Güney koşarak Songül'ün peşinden gitti.

Eylül: Serkan, sana bir şey olmasın!

Serkan'ı hemen yoğun bakıma aldılar. Eylül orada kaldı. Kader Eylül'e sarıldı.

Kader: Hiçbir olmayacak korkma Eylül!

Ambulanslardan biri daha geldi. İçinde Cemre vardı. Cemre  sedye ile indirildi.

Kader: Cemre!

Kızlar ve Kaan hemen Cemre'nin yanına koştu. O sırada ambulanslardan biri  Meral'i de getirmişti.

Ceyhun: Cemre, dayan sevgilim.

Eylül: Yanındayız kardeşim!

Meral sedyede  yatıyordu. Mert yanındaydı. Hastaneye girdiler.

Ceyhun: Cemre, bak yanındayım ben. Ne olur bırakma beni. Lütfen  dayan.

Cemre yoğun bakıma alındı.

Eylül: Meral.. Meral'i getirdiler.

Meral çok fazla yara almıştı. Durumu çok kötü idi.

Eylül: Meral, ne oldu sana? Allah'ım..

Mert: Meral! Ya lütfen yaşasın yardım edin. 

Meral hemen yoğun bakıma alındı. Güney koşarak diğerlerinin yanına geldi.

Kader: Songül iyi mi?

Güney: Bu durumda nasıl iyi haber vereceğim bilemiyorum ama, Songül'ün sadece başı yarılmış. Hala baygın. Kendine gelmesini bekliyorlar.

Eylül: Ohh, çok şükür.

Ambulanslardan biri daha geldi. Hasta, Mert'in annesi idi.

Mert: Anne!

Sağlık görevlisi: Lütfen geçin. Hastanın durumu kritik.

Mert: Hayır! Anne...

Kaan Mert'i sakinleştirmeye çalışıyordu.

Kaan: Tamam kardeşim. Annene de Meral'e de bir şey olmayacak.

Mert: Kim yaptı ya bunu! En güzel günümüzü mahvettiler. Allah onların belasını versin!
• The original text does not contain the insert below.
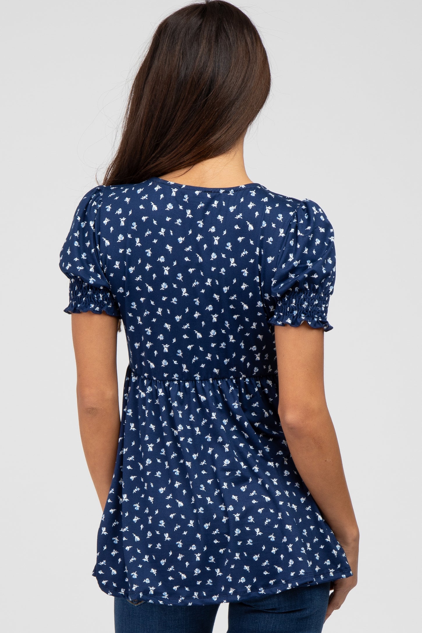 Navy Ditsy Floral Smocked Sleeve Wrap Top

Kader: Feride Hanım'a haber vermedik.

Kader hemen Feride Hanım'ı aradı.

Feride: Kader'ciğim efendim canım?

Kader: Feride Hanım..

Feride: Ne oldu canım? Nişan nasıl gidiyor?

Kader: Feride Hanım, nişan yapılan yere bomba atıldı.

Feride: Ne demek bomba atıldı? Ne oldu? 

Kader: Kim yaptı bilmiyorum..

Dediği sırada Mert koşmaya başladı. Kaan'da peşinden gitti.

Mert: Ben kimin yaptığını biliyorum.

Feride: Hemen geliyorum.

Kader: Taa İzmir'den mi geleceksiniz?

Feride: Tabi ki geleceğim. Kızlarıma bir şey oldu mu?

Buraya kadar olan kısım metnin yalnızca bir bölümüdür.